Q: For those mentoring new devs, what pitfalls do you see most often when people first deploy contracts on Sui?
- Sui
- Architecture
- SDKs and Developer Tools
Ответы
8Here’s a summarized list of common mistakes new Move developers make on Sui:
Common Pitfalls for New Move Devs on Sui:
- Misunderstanding Sui’s object model
- Treating everything like Ethereum accounts/slots instead of objects with ownership.
- Overusing shared objects
- Making too many objects shared → high contention, poor parallelism, more gas.
- Not handling Balance
properly
- Keeping loose Coin
s → coin equivocation risks, unnecessary merges/splits.
- Ignoring type safety features
- Skipping phantom types or resource semantics → cross-asset bugs, lost assets.
- Redundant storage writes
- Rewriting big objects instead of using events or child objects for history.
- Weak access control
- Forgetting to gate admin functions with capabilities or checks → anyone can mutate.
- Poor concurrency design
- Centralizing state in one shared object instead of distributing into children → bottlenecks.
- Gas inefficiency
- Emitting large events or storing full history on-chain instead of minimal diffs + off-chain indexing.
Embrace the object-centric model, use Balance, design for parallelism, and lean on Move’s type system + caps for safety.
For devs who’ve already wrapped their head around Sui’s object model, what are some advanced design patterns you’ve found helpful for avoiding these pitfalls—especially around shared object contention and balancing on-chain vs off-chain data?
When new developers start writing Move contracts on Sui, there are some recurring mistakes that tend to surface. If you’re mentoring new devs, these are the pitfalls you’ll probably see most often
Overusing Shared Objects
A lot of beginners model everything as a shared object, thinking it’s the “safe” option. In reality, shared objects are more expensive because they require consensus, and they often block parallelism. New developers miss that owned objects are cheaper, faster, and easier to reason about for most use cases.
Forgetting Cleanup Paths
Move enforces resource safety (you can’t drop or duplicate resources), but developers sometimes forget to provide destroy or reclaim functions. This leads to objects that get “stuck” because they can’t be moved or reclaimed, effectively locking user funds or assets.
Weak Access Control
It’s easy to forget that anyone can call a public entry function. New developers sometimes expose functions without checking ownership or capability permissions, which allows unintended or malicious calls. A best practice is to enforce capability checks or explicit ownership validation at every sensitive entry point.
Relying Too Much on Frontend Validation
Beginners often assume checks like “amount > 0” or “valid token type” can be safely left to the frontend. But Move contracts need to enforce these invariants on-chain, since any attacker can bypass UI checks by calling functions directly.
Inefficient Object Usage
Another common trap is repeatedly splitting and merging coins, or creating large, complex structs with vectors on-chain. This leads to high gas usage. Efficient developers learn to keep objects lean, reuse them, and batch writes to reduce storage overhead.
Ignoring Gas Profiling
New developers sometimes deploy without ever simulating or profiling gas costs. This results in contracts that technically work but are too expensive to use in practice. The Sui CLI’s dry-run
and dev-inspect
features are underused by beginners, even though they’re essential for testing efficiency.

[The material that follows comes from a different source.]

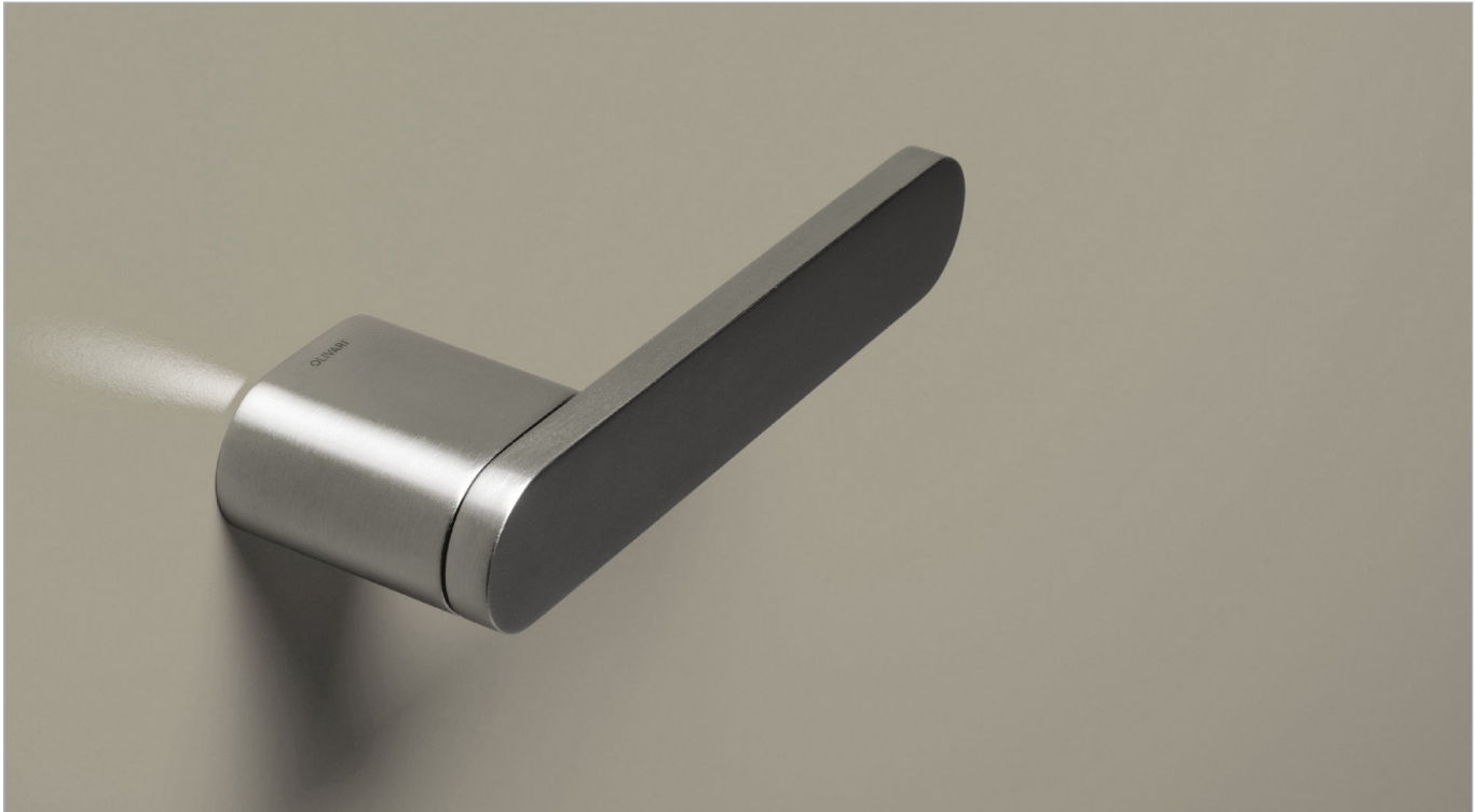
Radial by Olivari

High-quality doors, surfaces and systems – our products stand for clear values. This is why we also have fittings for our doors by the best: FSB, Olivari and Formani. Suitable for the highest standards in design and quality. With perfect functionality. Our focus: Door handles and pulls as an additional stand-alone facet within the interior. The fittings also enjoy the same degree of respect during our careful installation. Everything from one experienced source. And with great attention to detail. In particular in the event of demanding, flush solutions.

Assuming Move’s Type System Prevents All Bugs
While Move’s linear types prevent duplication and resource loss, they don’t automatically protect against logical errors. Beginners often write code that looks safe but fails in edge cases (e.g., incorrect math in balance updates, or not checking vault supply caps).
When you are just starting with Move on Sui, one of the most common mistakes is forgetting that resources in Move cannot be copied or dropped unless you explicitly allow it. New developers often try to treat tokens or objects like regular variables and run into compiler errors. Another pitfall is poor struct design where ownership fields or access controls are not clearly defined, which can cause capability errors later. Many also overlook the importance of testing with the Sui CLI or dev inspect before publishing, which leads to wasted gas on fixes that could have been caught earlier. Mismanaging gas budgets is another frequent issue since underestimating gas can cause transactions to fail, while overestimating can lock up unnecessary amounts. Finally, new devs sometimes import modules or package IDs incorrectly, which causes “module not found” errors that can be avoided with careful rebuilds. If you slow down, understand object ownership, and rely on the compiler’s safety checks, you will save yourself a lot of frustration.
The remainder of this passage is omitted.